I caught the next passing bus. Stood for half an hour crammed into other Zimbabweans, my tall neck bent straight down, head on the ceiling. Then to the next town's bus station. Not too long for the bus to Bulawayo. Loud music, all that.
No truck, so I got to experience local Zimbabwe more.
Too loud music on board, but it was African so maybe cultural but annoying since the songs go on and on and on and on, same beat, same, same, same.
Had time to read my book, finished it. Now what do I read?
Eating local foods thrust at me through the bus windows. I really like that.
Had it while waiting for the bus, some bread from the loaf I bought at yesterday's bus stop break (they stopped at a grocery store for everybody to shop. I think it was a specially designated 'grocery store' bus on the way back to the villages).
More bread. Bananna (60 per US dollar). Two Zim donuts.
It's always a game, or trial, to eat local foods, like find out what they are and how much they should cost. Always have to get a good deal. Hate being ripped off.
I maybe could have talked with people sitting next to me, but I dislike the conversations which follow. They always, always ask, "How is the US?" How am I supposed to answer? And they always ask about the weather, doesn't matter that I've already told them I've been in Africa for four and a half months. Just a thing to accept I guess. How is the United States?

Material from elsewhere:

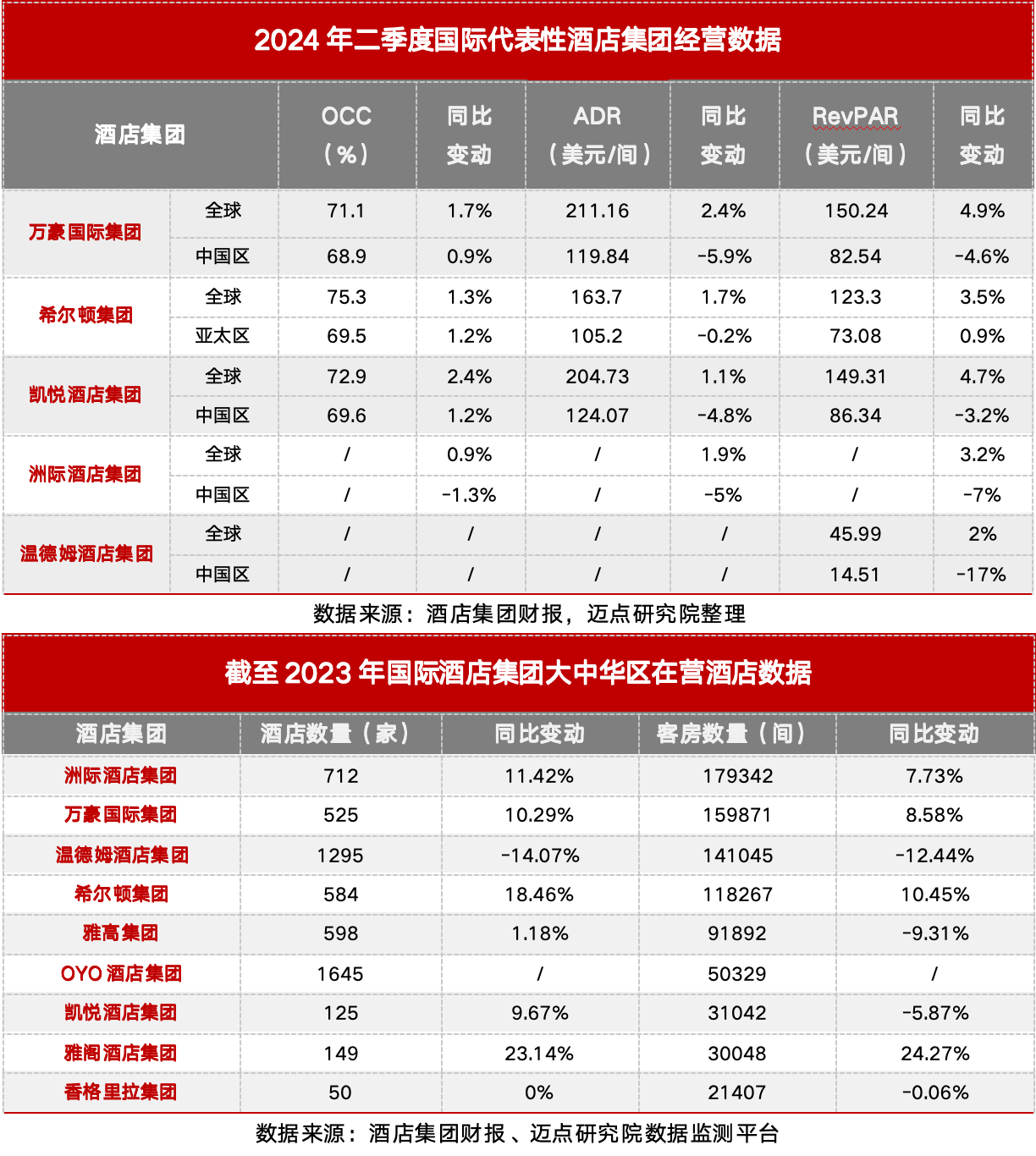 小结:2024年上半年,各大国际酒店集团OCC表现较好,全球及中国区整体实现提升;RevPAR、ADR全球实现增长,中国区则普遍出现下滑。

I went to a hotel in the middle of town rather than back to the backpacker hostel in the suburbs (in which I was the only guest). Tourists don't come to Zimbabwe anymore. The country is really cheap. But, good news bad news, it's because it's on the brink of collapse. The Zim dollar is at least 600 to 1 US. I should be getting 800 by now. Every day it goes higher and higher. Three weeks ago the rate was 350 to 1.

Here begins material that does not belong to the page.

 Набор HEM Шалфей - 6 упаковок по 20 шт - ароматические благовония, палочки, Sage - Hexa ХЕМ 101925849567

I don't have enough time to say what I wanted to say. It's because I don't write in my journal anymore. I bought a new one in Arusha and I don't like it.

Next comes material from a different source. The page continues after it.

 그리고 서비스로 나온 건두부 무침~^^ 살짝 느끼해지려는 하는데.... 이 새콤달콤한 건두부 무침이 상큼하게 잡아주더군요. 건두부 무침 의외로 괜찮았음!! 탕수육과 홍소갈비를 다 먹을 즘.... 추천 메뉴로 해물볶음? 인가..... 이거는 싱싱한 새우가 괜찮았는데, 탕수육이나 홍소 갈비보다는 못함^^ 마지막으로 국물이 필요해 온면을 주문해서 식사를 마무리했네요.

I spent the afternoon trying to balance a million things. I need to buy a tent for Botswana. Lodging is incredibly expensive (like $80 a night) while camping is like $4. Transport through Bots and Namibia is dismal, so I'll be hitchhiking. A tent will come in handy.
Man, okay, Bulawayo reminds me of Modesto. Big, wide streets, modern (1970s) buildings. Camping stores (like Army surplus shops) but no 1-2 man tents. I walked all over the city. And I called several places. It really is a story, but no time to tell.
The place is closing,
Dear Mom and Dad,
I'm hoping to leave for Botswana tomorrow after I visit the museum here in Bulawayo.
I think the main purpose of my emails is to have something written about my travels so that when I re-read them I'll be reminded of what I was trying to say, and I'll do it better the second time around.
I went on an unexpected safari to Hwange Nat. park with three lovely Dutch ladies Muriel, Gabrielle, and Jacqueline. I wasn't planning to go on safari (again) but they asked me to accompany them so I went. It was pretty cool, and different from the previous safaris. We spent lots of time at the (manmade) waterholes, in the hides, watching the wildlife come to the water. Mostly it was elephants. I counted the first day, 122. It got tiresome to stop the pickup (fitted with bleacher seats) to look at elephants in the bush. As we were leaving the park on the second day we saw two leopards cavorting.
I went to Bulawayo the next day, and when I discovered that there were no tourists at my hostel, and nobody going on tour to Matobo, I went the Great Zimbabwe ruins. A great city existed there from the 13th to 17th centuries. My hired guide kept exclaiming about, "Imagine! The workmanship. People today couldn't build these walls."
The walls were blocks of granite piled on top of each other without mortar. The first place (Hill Complex) was well-constructed. Today's locals probably could build the same things if they wanted, but they never would. I could build the same walls given enough time. They were nice, but not architecturally fantastic.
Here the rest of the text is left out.